Hi Merce,

Join the club. :) I've been thinking about the issue of how to
automatically identify these kinds of cutoffs off and on for some
time, and I've never reached a satisfactory conclusion.

What you realize is that some measures give very different scores
depending on the size of the corpus involved (ll and tmi are notable
examples of that), and even when they are somewhat stable, the numbers
themselves really have no inherent interpretation that makes it
obvious that 0.25 should indicate a collocation while 0.30 should not.
With pmi, for example, sometimes I think of scores like 5 or 10
representing something like "the bigram occurs 5 or 10 times more
often than expected by chance." That sort of makes sense, but is 5
times more often than chance enough to make it a collocation? Why not
6 times or 4 times? :)

I get myself twisted into knots, as you can tell.

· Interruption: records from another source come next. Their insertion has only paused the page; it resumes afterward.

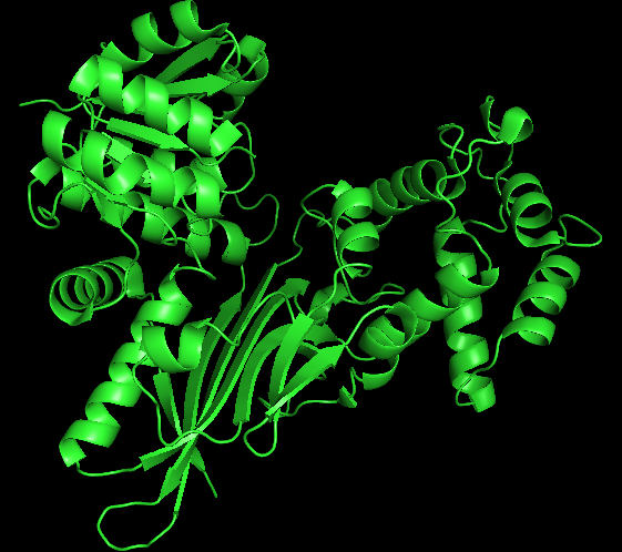 View 2 of structure resolved by Johansson et al. in "Crystal structure of saccharopine reductase from Magnaporthe grisea, an enzyme of the alpha-aminoadipate pathway of lysine biosynthesis."
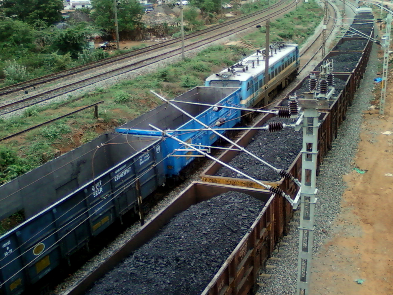 28126 WAG-7 loco of Ludhiana (LDH) with empty freight rakes and coal wagons on the other line at Simhachalam
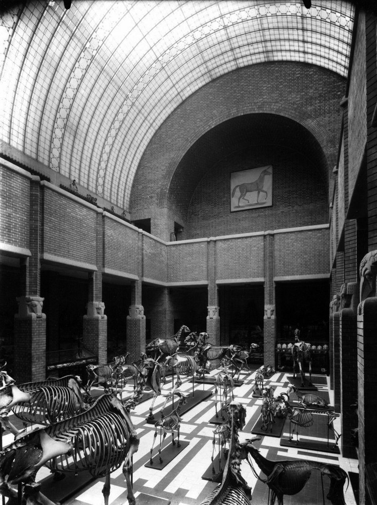 Interior of the Anatomical Institute of the National Veterinary School at Bekkerstraat 141, Utrecht, the Netherlands.
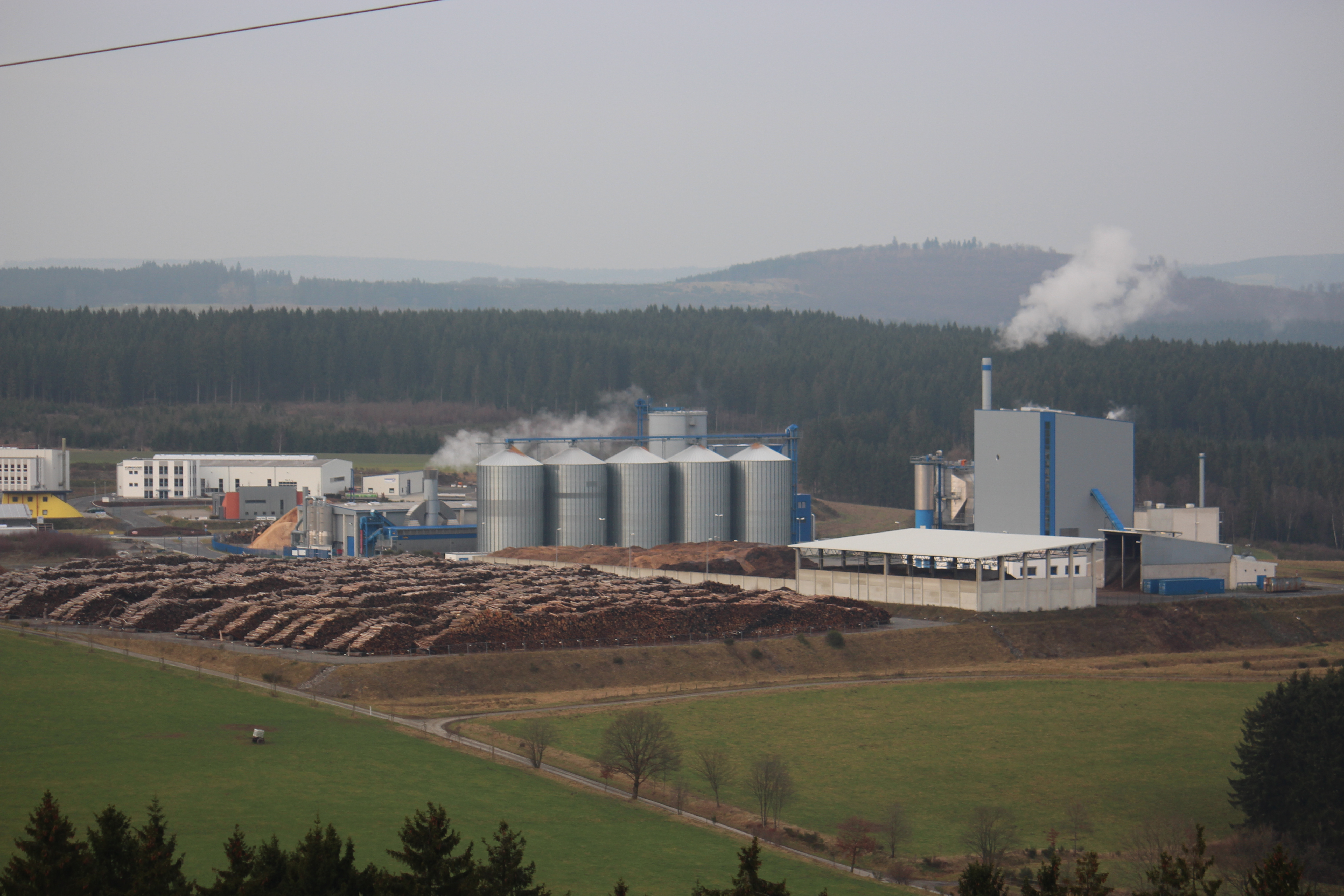 Biomass-fired power plant Wittgenstein, Germany.
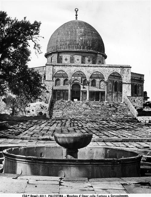 Giacomo Brogi (1822-1881) - "Palestine. Omar Mosque, with the fountain, in Jerusalem". Catalogue # 4011.
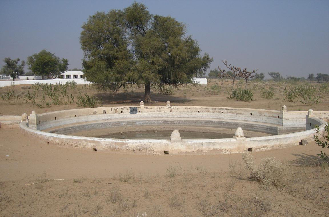 View of a Johad at village Thathawata.

Anyway, with p-values like you get in Fisher's test you at least have
a reliable or standard interpretation of what that p-value means - for
example, a p-value of 0.01 will mean, more or less, that if the bigram
you sampled is really independent (not a collocation) in the
underlying population (of language as a whole), then there is a 1%
chance that you would draw counts that make it look (wrongly) like it
is dependent (ie a collocation). But, the more general point to make
is that despite this somewhat "rigorous" interpretation of the value,
is 0.01 really better than 0.05, and if so why wouldn't 0.001 or even
0.0001 be better yet? It's very hard to pin down an exactly value for
p (that will serve as a cutoff like this).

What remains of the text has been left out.